In rural or poorer communities where surgeries are not an option, discrimination comes in other brutally violent forms. According to Julius Kaggwa executive director of SIPD Uganda, an organisation that advocates for intersex rights: “In many African countries, the traditional way of dealing with perceived sexuality ‘abnormalities’ has largely been staying silent – and wishing them away through various kinds of traditional rituals, which often meant killing the intersex infants.”
This stigma is prevalent throughout the continent. In rural Malindi, Kenya, 17-year-old Muhadh Ishmael was born with both male and female genitalia. He was brought up as a girl, but always identified as a boy, which his family could not accept. In December last year, a group of men, thought to be hired by his uncle, drugged him and cut off his penis. He died from his injuries.
Kaggwa says that compared to funding the fight against homophobia or the plight of child soldiers in Africa, “complete indifference [is shown] to life-threatening genital mutilations and infanticide that intersex children suffer”.
Tackling the systematic, societal and cultural abuses against intersex people, the global movement for intersex rights has been an uphill battle. Not only is it a very poorly-funded movement, but there is a global lack of knowledge and understanding; the UN high commissioner for human rights, Zeid Ra’ad al-Hussein, even admitted he knew little about intersex people before he started his role. Cabral believes “it’s not that intersex people are not speaking, but that the non-intersex people are not listening”.
However, this seems to be changing. “The intersex movement is consolidated and strengthened, and intersex voices are rising up and fighting for their rights,” says Costa Rican intersex rights activist Natasha Jiménez. “This will help us to see more initiatives of this kind around the world.”
There are signs of hope.
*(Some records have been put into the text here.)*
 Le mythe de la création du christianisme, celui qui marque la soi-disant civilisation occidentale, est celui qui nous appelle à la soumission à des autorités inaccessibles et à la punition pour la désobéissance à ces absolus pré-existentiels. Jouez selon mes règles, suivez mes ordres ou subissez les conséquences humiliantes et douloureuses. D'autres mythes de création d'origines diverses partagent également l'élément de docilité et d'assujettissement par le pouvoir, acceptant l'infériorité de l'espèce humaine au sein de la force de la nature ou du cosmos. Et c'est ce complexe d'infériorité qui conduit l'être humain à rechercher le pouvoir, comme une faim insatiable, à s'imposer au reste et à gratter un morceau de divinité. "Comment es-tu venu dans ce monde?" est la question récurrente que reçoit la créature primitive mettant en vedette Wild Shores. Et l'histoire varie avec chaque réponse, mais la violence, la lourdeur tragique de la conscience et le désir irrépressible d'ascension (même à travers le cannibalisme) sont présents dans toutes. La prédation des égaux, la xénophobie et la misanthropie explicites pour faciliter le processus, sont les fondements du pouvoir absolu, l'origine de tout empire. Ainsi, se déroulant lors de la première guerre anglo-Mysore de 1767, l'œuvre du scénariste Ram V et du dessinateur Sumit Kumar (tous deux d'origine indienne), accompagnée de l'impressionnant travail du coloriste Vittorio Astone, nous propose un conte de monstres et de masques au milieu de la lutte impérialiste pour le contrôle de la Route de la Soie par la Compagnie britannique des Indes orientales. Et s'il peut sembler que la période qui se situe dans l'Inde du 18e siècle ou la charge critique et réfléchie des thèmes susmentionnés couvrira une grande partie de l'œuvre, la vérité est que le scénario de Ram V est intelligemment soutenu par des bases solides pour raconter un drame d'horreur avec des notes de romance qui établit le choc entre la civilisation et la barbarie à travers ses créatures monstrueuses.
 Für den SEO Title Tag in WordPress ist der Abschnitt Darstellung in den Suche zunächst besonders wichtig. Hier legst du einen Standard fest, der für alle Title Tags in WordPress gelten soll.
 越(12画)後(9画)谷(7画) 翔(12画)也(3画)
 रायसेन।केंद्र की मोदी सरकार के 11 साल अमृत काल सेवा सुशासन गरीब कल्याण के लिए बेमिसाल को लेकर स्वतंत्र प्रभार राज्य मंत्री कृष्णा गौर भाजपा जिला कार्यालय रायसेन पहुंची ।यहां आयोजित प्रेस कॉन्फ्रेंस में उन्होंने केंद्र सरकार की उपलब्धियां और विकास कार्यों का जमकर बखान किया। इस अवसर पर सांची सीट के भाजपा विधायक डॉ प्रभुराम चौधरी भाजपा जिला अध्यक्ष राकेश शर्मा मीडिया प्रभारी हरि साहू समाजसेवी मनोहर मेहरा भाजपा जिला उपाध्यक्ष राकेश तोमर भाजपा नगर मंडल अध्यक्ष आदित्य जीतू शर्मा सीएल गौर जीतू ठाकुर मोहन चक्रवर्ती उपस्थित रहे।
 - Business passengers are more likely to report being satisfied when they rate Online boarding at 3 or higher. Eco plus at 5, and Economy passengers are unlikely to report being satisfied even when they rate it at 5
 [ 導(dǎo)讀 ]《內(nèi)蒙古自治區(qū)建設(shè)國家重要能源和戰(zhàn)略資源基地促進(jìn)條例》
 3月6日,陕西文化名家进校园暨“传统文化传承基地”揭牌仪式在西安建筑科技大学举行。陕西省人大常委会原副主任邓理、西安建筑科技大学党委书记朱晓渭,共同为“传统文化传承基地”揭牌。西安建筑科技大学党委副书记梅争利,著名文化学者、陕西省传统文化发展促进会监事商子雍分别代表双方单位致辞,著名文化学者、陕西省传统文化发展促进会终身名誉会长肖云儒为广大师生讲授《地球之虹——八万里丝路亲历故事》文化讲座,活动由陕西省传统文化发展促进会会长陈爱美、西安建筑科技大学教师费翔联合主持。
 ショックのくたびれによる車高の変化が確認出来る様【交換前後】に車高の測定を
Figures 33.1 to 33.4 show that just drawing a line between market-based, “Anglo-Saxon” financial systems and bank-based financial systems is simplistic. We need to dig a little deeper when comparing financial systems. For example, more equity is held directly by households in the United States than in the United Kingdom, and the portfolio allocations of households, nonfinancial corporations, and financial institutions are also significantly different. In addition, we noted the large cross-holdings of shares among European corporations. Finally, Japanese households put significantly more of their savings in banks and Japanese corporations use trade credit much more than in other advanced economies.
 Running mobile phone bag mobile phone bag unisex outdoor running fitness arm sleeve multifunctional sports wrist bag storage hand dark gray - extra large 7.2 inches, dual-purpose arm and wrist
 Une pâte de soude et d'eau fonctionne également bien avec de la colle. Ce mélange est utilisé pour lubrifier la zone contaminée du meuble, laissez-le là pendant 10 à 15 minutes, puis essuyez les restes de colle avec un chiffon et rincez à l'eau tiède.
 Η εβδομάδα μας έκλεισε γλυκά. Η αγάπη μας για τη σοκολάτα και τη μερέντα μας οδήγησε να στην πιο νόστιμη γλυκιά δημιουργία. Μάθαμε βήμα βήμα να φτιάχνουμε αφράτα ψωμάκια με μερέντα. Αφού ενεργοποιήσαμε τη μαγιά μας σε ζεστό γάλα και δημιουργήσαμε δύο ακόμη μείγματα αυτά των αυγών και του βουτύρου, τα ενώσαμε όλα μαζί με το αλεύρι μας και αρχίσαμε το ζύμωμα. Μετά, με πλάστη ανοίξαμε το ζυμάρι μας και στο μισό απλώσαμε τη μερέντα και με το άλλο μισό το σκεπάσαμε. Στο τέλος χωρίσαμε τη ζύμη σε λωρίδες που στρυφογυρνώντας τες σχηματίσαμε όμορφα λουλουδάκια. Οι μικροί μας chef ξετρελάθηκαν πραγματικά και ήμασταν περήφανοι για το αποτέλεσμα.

In Uganda, Kaggwa says that through engagement some local leaders are becoming more empathetic to intersex issues. In 2013, Brujula Intersexual formed to provide a meeting point for Latin American intersex people and information in Spanish. Last year, the UN released a report that condemned violence (doc) against intersex people, and in September 2015, the UN met for the first time to discuss intersex rights.
“Intersex activism is focused on the future,” Cabral says. “There’s not much that we can change about our own lives, but we want to prevent other people from going through the same processes. I hope for full recognition of intersex as a human rights issue. We want to believe that once you tell the truth, people are going to react in the ethical way.”